→ **DATA**:
-------

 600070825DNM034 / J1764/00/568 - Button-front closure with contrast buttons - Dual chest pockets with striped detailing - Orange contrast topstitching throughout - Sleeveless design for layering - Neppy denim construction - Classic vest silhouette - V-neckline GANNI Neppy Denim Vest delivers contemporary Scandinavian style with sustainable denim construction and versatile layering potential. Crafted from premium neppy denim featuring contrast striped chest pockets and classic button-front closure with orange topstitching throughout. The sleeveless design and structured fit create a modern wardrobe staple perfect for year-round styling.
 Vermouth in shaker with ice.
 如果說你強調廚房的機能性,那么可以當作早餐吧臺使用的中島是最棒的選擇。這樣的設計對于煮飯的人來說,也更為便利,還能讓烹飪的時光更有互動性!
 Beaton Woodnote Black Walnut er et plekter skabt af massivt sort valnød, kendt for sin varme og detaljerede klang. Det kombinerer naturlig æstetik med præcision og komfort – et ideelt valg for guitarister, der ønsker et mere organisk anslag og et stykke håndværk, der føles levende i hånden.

-------

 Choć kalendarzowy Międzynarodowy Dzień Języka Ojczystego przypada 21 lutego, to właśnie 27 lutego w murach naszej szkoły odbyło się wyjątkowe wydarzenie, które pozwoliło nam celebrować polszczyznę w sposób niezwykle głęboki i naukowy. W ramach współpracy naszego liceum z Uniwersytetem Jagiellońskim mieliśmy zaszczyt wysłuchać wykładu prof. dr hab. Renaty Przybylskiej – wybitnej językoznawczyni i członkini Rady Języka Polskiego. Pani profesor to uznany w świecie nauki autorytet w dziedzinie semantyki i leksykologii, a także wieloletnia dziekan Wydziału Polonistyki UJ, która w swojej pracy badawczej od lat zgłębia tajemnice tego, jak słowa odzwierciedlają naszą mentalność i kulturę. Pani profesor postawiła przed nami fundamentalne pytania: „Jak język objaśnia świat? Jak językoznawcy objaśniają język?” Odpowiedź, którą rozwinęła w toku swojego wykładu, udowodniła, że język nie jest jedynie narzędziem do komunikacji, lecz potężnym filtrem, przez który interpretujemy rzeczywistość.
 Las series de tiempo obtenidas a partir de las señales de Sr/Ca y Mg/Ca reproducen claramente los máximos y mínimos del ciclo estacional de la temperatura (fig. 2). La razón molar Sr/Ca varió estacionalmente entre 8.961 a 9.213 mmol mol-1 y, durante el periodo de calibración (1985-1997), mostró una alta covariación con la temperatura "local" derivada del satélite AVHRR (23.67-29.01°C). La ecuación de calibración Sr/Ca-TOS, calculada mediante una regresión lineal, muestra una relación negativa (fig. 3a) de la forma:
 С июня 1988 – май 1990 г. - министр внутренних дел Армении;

-------

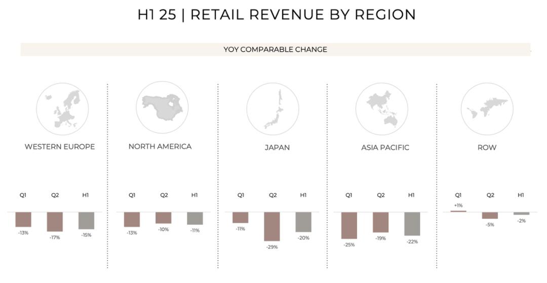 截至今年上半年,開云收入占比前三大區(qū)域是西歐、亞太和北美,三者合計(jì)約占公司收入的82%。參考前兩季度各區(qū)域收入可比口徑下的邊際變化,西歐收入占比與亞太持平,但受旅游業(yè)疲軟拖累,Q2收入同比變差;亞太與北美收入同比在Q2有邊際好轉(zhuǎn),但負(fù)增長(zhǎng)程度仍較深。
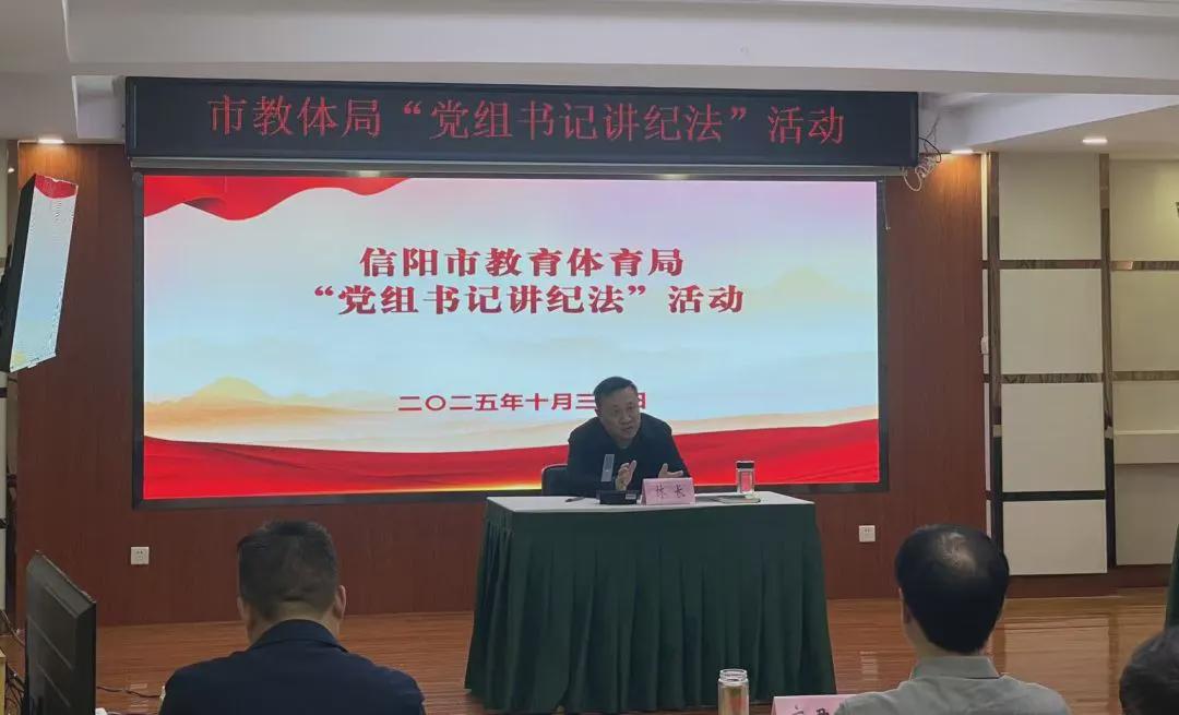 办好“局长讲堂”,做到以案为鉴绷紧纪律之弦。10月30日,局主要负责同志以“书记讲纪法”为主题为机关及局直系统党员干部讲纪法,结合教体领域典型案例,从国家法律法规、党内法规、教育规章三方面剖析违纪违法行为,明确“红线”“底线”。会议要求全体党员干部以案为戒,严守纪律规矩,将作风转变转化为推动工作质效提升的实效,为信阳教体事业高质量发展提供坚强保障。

-------

→ **EXERCISE**:
Produce only the lines from the line containing "Las series de" through the line containing "С июня 1988", inclusive of both, exactly as they stand in the entries above.

→ **YOUR RESPONSE**:
 Las series de tiempo obtenidas a partir de las señales de Sr/Ca y Mg/Ca reproducen claramente los máximos y mínimos del ciclo estacional de la temperatura (fig. 2). La razón molar Sr/Ca varió estacionalmente entre 8.961 a 9.213 mmol mol-1 y, durante el periodo de calibración (1985-1997), mostró una alta covariación con la temperatura "local" derivada del satélite AVHRR (23.67-29.01°C). La ecuación de calibración Sr/Ca-TOS, calculada mediante una regresión lineal, muestra una relación negativa (fig. 3a) de la forma:
 С июня 1988 – май 1990 г. - министр внутренних дел Армении;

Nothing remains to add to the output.